■ **Problem to solve**
Within the lines below, the span from the line with "Майка прилегающего силуэта, с" to the line with "手のひらにスッポリ隠れる極小", both ends included, is to be reproduced exactly, with pictures omitted.

■ **Data for review**
◇ ◇ ◇ ◇

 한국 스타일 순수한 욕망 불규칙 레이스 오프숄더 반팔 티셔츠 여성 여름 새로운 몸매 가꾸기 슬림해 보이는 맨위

◇ ◇ ◇ ◇

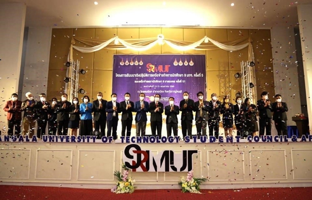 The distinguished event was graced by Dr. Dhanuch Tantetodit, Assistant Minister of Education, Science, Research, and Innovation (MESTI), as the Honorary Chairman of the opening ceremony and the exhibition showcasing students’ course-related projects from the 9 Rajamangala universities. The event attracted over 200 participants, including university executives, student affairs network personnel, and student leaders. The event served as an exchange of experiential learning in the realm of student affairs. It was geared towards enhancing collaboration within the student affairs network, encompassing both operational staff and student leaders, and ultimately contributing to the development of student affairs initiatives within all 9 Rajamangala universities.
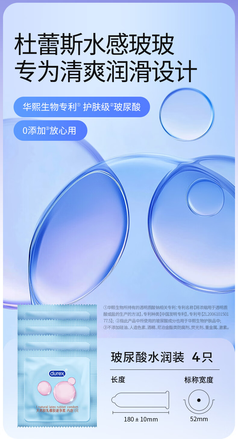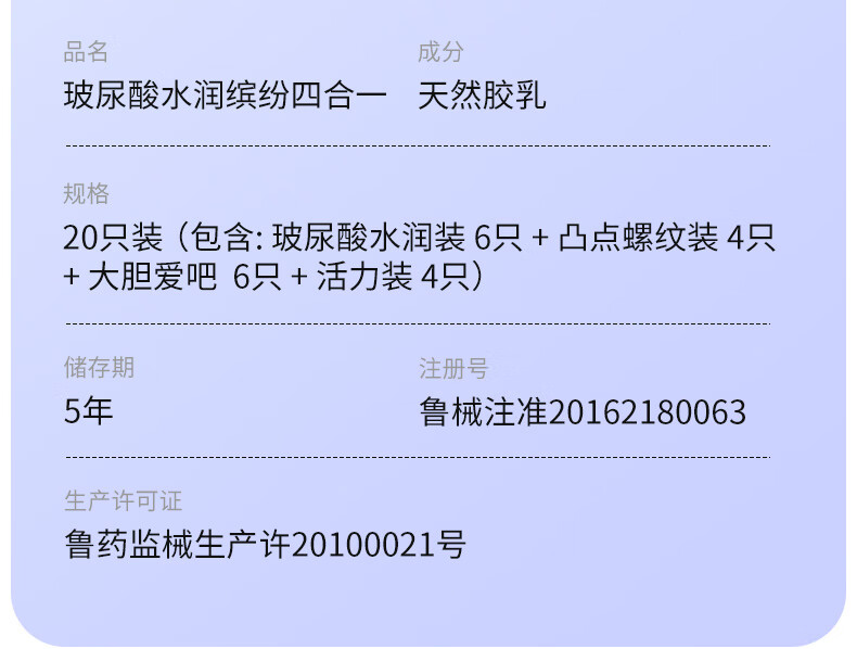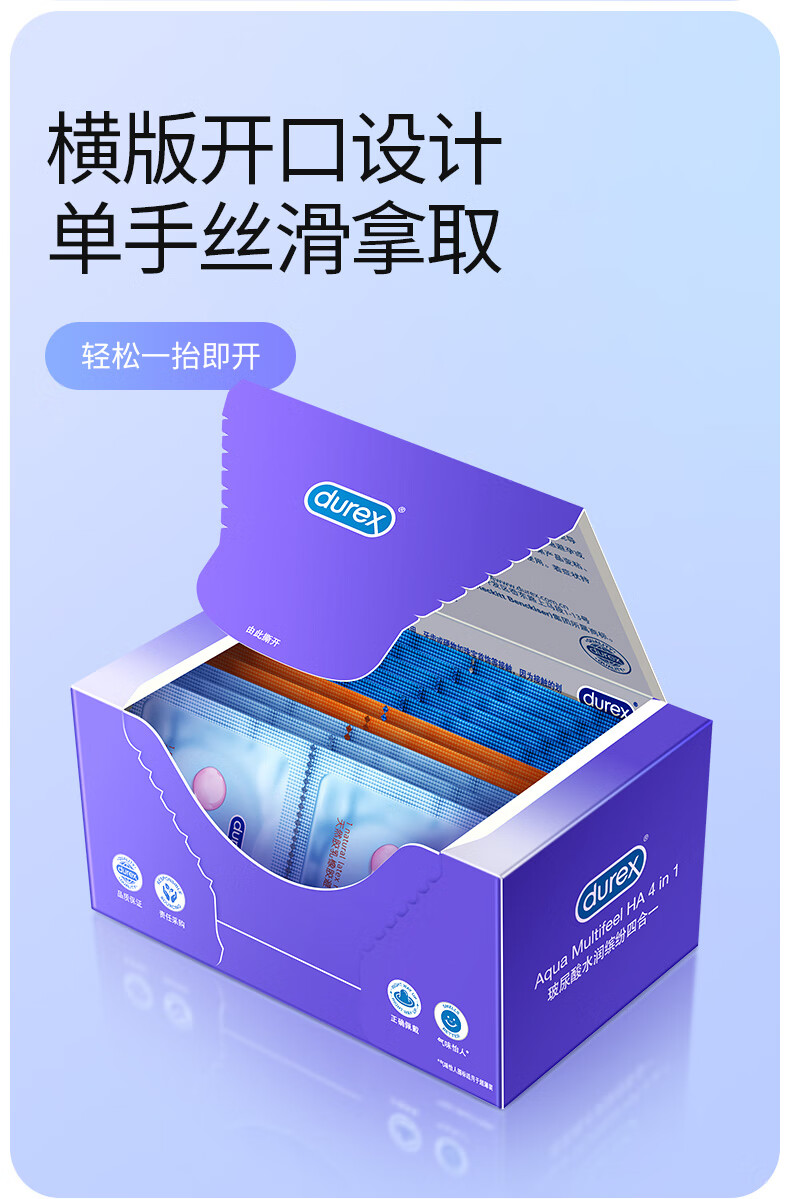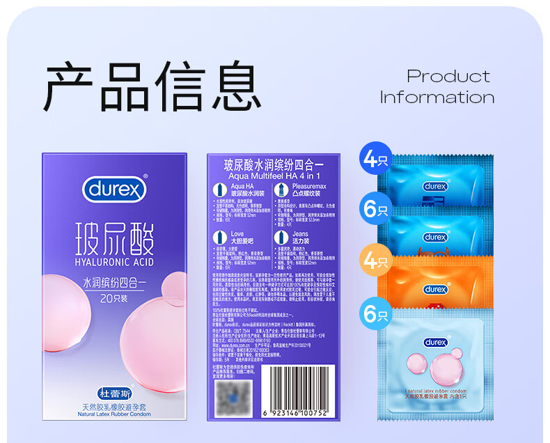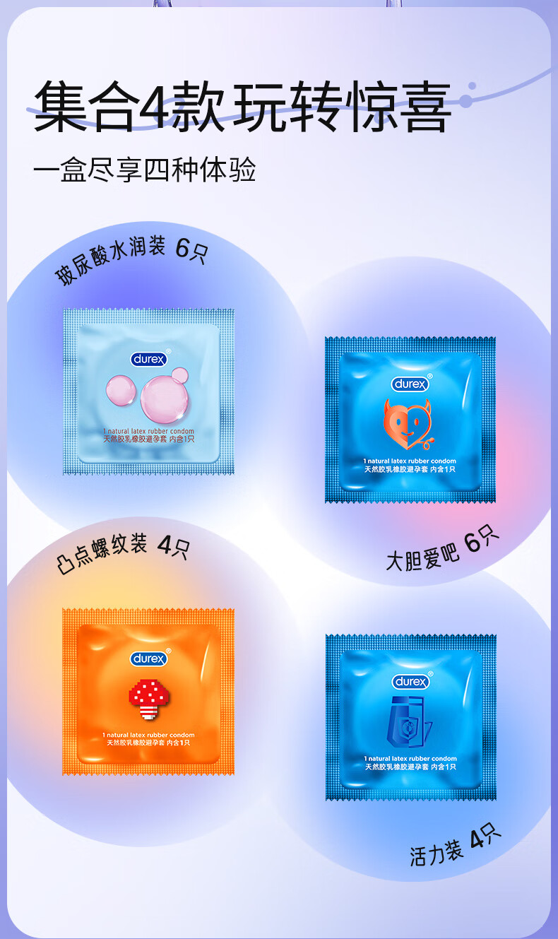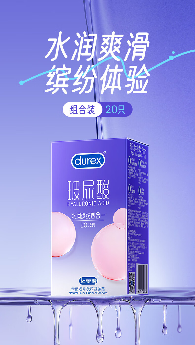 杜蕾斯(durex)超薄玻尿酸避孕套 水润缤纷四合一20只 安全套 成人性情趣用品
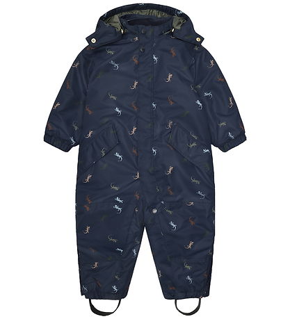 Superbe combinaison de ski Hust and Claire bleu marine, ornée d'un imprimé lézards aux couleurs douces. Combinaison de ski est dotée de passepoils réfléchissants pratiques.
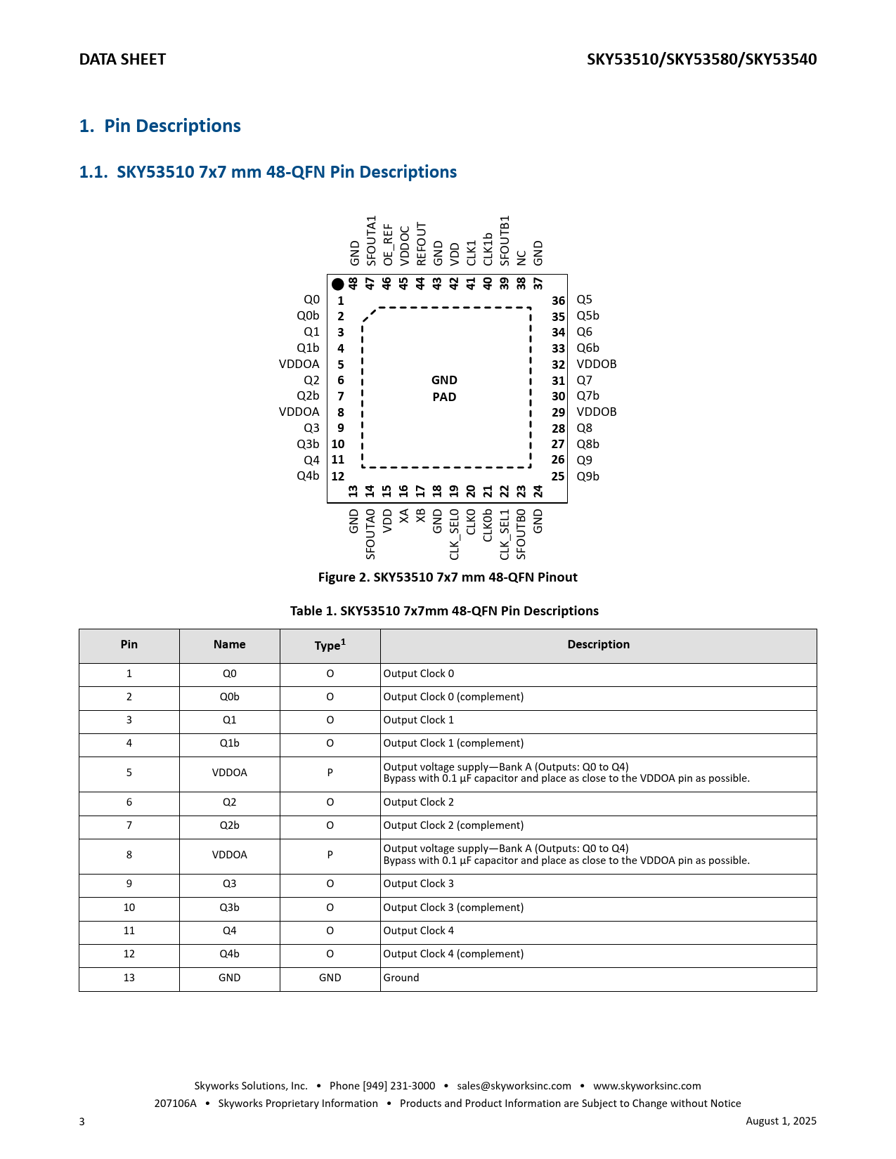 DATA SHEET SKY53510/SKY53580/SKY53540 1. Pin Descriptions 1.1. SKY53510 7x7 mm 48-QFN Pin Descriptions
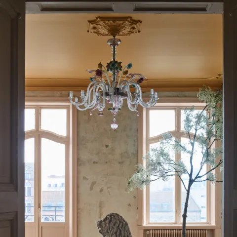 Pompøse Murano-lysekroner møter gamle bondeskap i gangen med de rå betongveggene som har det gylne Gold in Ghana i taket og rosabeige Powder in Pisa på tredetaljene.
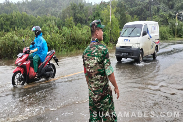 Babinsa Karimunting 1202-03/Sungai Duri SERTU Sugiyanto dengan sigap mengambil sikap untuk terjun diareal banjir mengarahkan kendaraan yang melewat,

◇ ◇ ◇ ◇

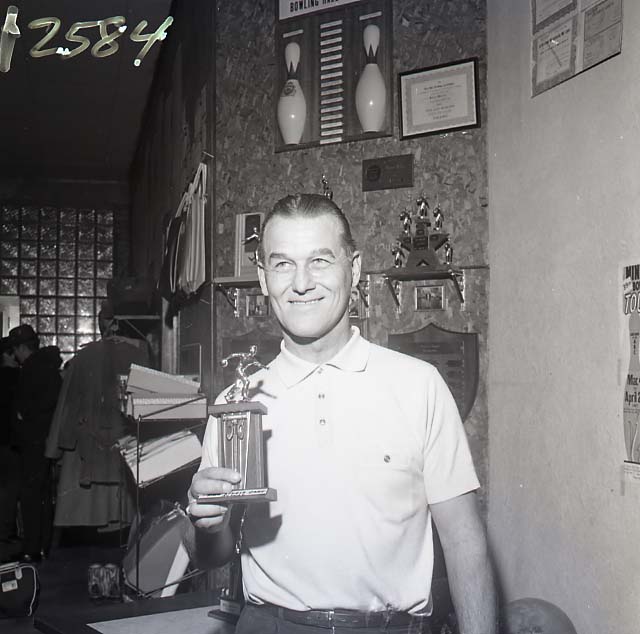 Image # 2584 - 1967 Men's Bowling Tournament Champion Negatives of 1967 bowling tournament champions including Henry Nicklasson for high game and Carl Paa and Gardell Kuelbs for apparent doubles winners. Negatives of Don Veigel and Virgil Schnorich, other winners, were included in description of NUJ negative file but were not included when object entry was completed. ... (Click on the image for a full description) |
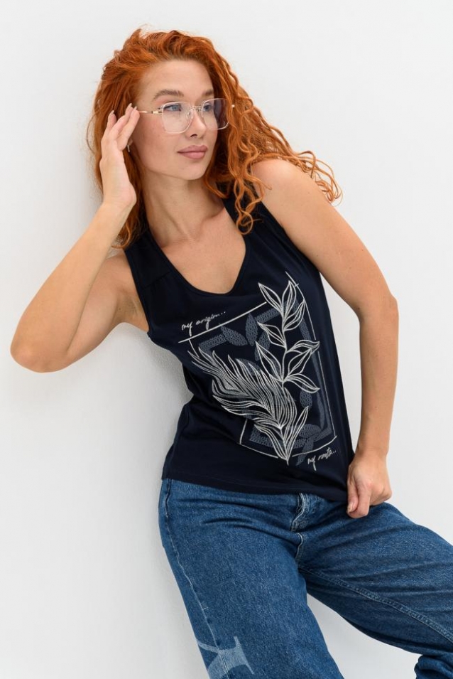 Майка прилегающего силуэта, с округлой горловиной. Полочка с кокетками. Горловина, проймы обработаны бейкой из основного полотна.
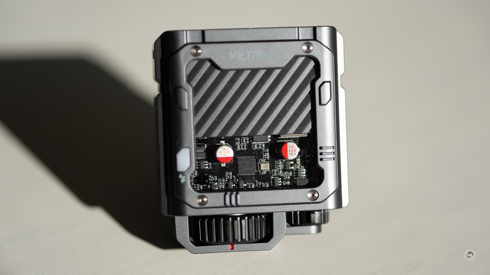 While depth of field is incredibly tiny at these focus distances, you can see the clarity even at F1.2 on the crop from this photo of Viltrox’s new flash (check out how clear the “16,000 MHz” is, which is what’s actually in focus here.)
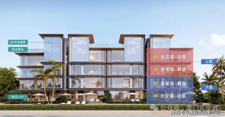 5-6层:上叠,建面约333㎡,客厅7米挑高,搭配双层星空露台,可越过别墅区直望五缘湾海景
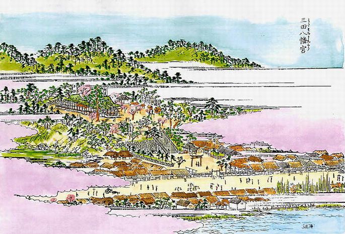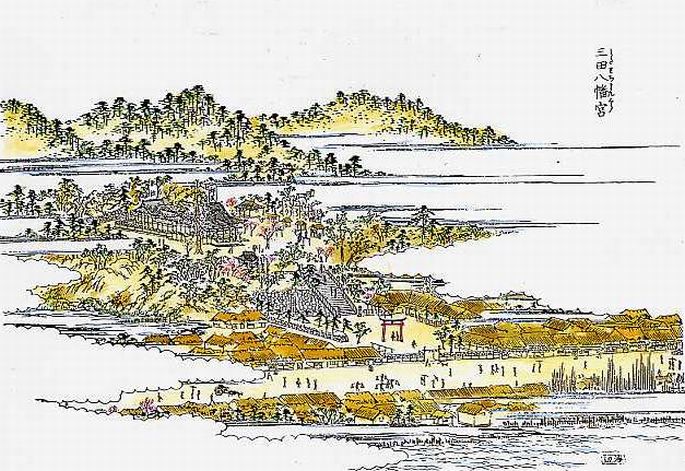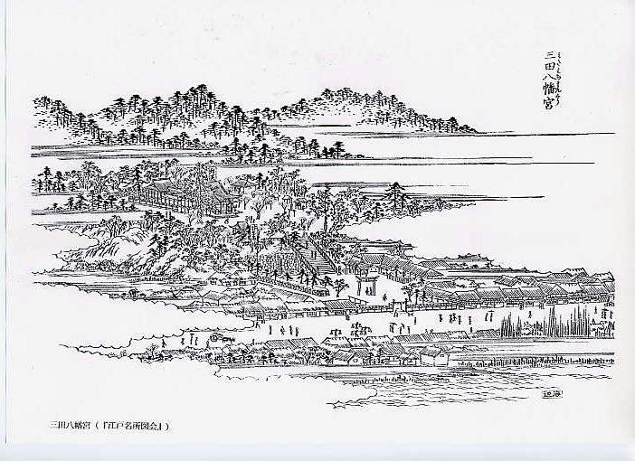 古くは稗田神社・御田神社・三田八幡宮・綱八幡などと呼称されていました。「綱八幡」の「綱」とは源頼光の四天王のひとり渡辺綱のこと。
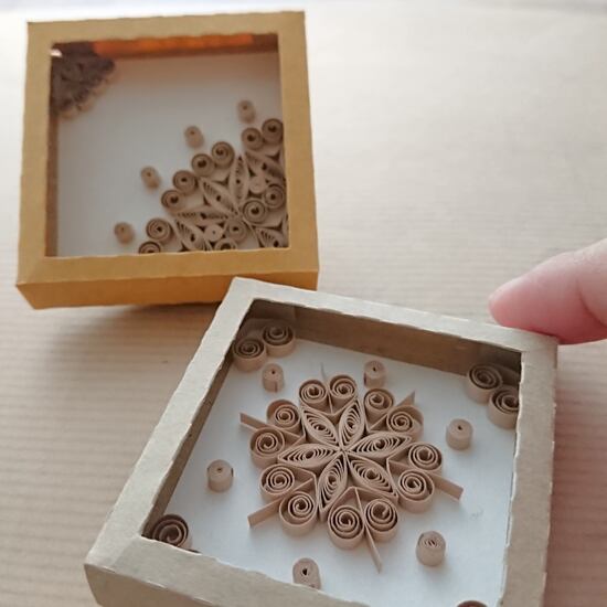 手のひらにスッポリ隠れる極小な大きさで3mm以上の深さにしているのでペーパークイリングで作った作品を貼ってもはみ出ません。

◇ ◇ ◇ ◇

■ **Completed task**
 Майка прилегающего силуэта, с округлой горловиной. Полочка с кокетками. Горловина, проймы обработаны бейкой из основного полотна.
 While depth of field is incredibly tiny at these focus distances, you can see the clarity even at F1.2 on the crop from this photo of Viltrox’s new flash (check out how clear the “16,000 MHz” is, which is what’s actually in focus here.)
 5-6层:上叠,建面约333㎡,客厅7米挑高,搭配双层星空露台,可越过别墅区直望五缘湾海景
 古くは稗田神社・御田神社・三田八幡宮・綱八幡などと呼称されていました。「綱八幡」の「綱」とは源頼光の四天王のひとり渡辺綱のこと。
 手のひらにスッポリ隠れる極小な大きさで3mm以上の深さにしているのでペーパークイリングで作った作品を貼ってもはみ出ません。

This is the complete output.